▶ **Study material**
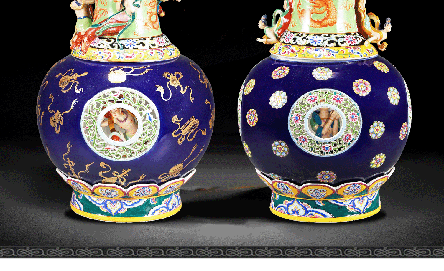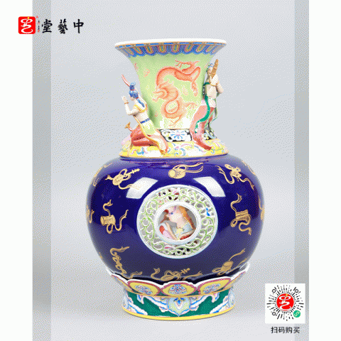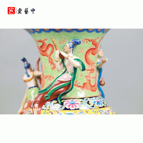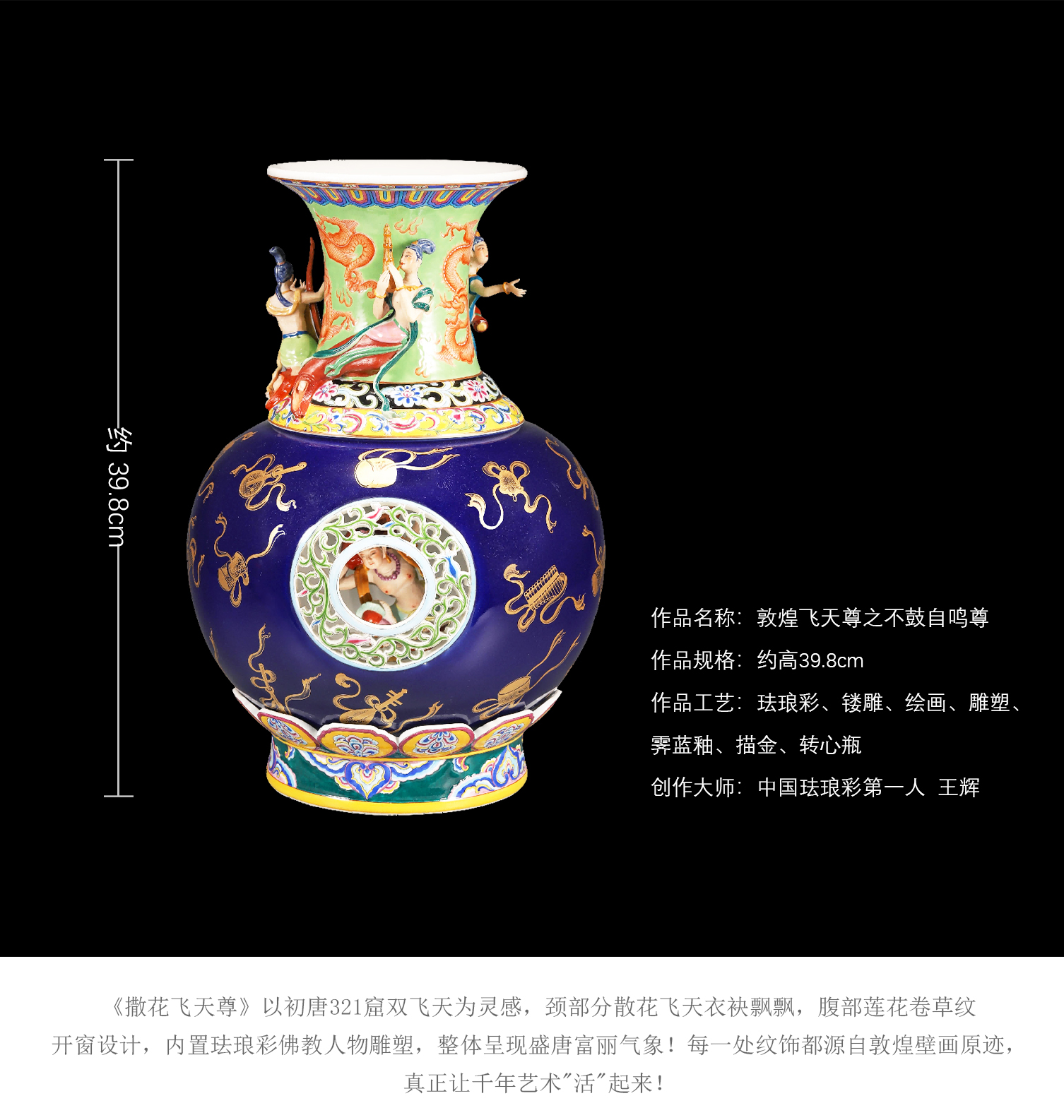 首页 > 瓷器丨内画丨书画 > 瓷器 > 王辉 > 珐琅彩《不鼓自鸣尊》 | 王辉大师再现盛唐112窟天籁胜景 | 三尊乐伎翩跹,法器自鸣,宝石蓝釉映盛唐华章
* * *
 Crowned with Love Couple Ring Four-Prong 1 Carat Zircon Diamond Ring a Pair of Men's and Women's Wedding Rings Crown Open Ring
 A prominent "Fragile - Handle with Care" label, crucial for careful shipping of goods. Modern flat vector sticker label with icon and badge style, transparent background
--
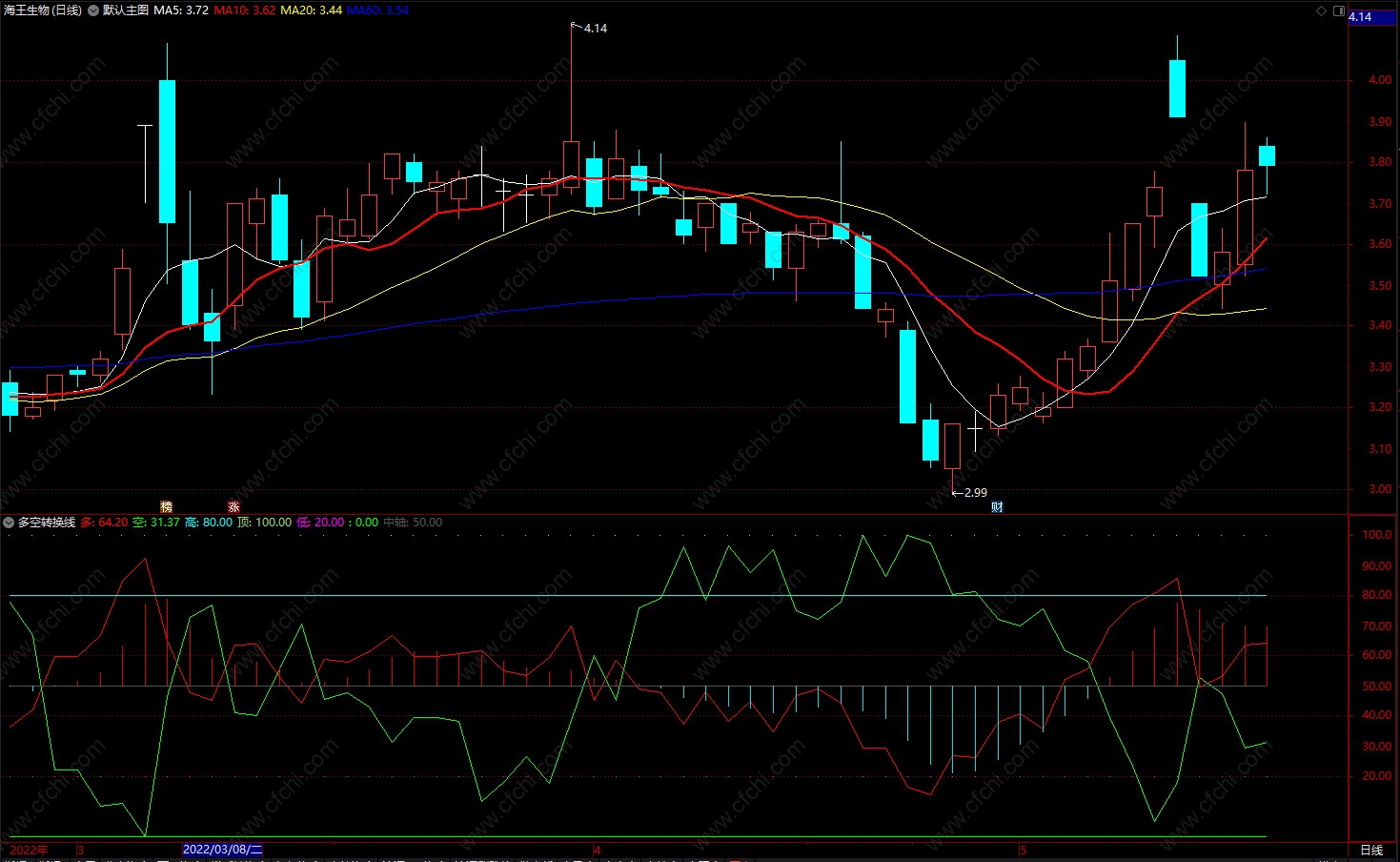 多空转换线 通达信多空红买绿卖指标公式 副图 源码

▶ **Try it**
Which lines in the records above contain the string "with"? Copy each one.

▶ **Response to the task**
 Crowned with Love Couple Ring Four-Prong 1 Carat Zircon Diamond Ring a Pair of Men's and Women's Wedding Rings Crown Open Ring
 A prominent "Fragile - Handle with Care" label, crucial for careful shipping of goods. Modern flat vector sticker label with icon and badge style, transparent background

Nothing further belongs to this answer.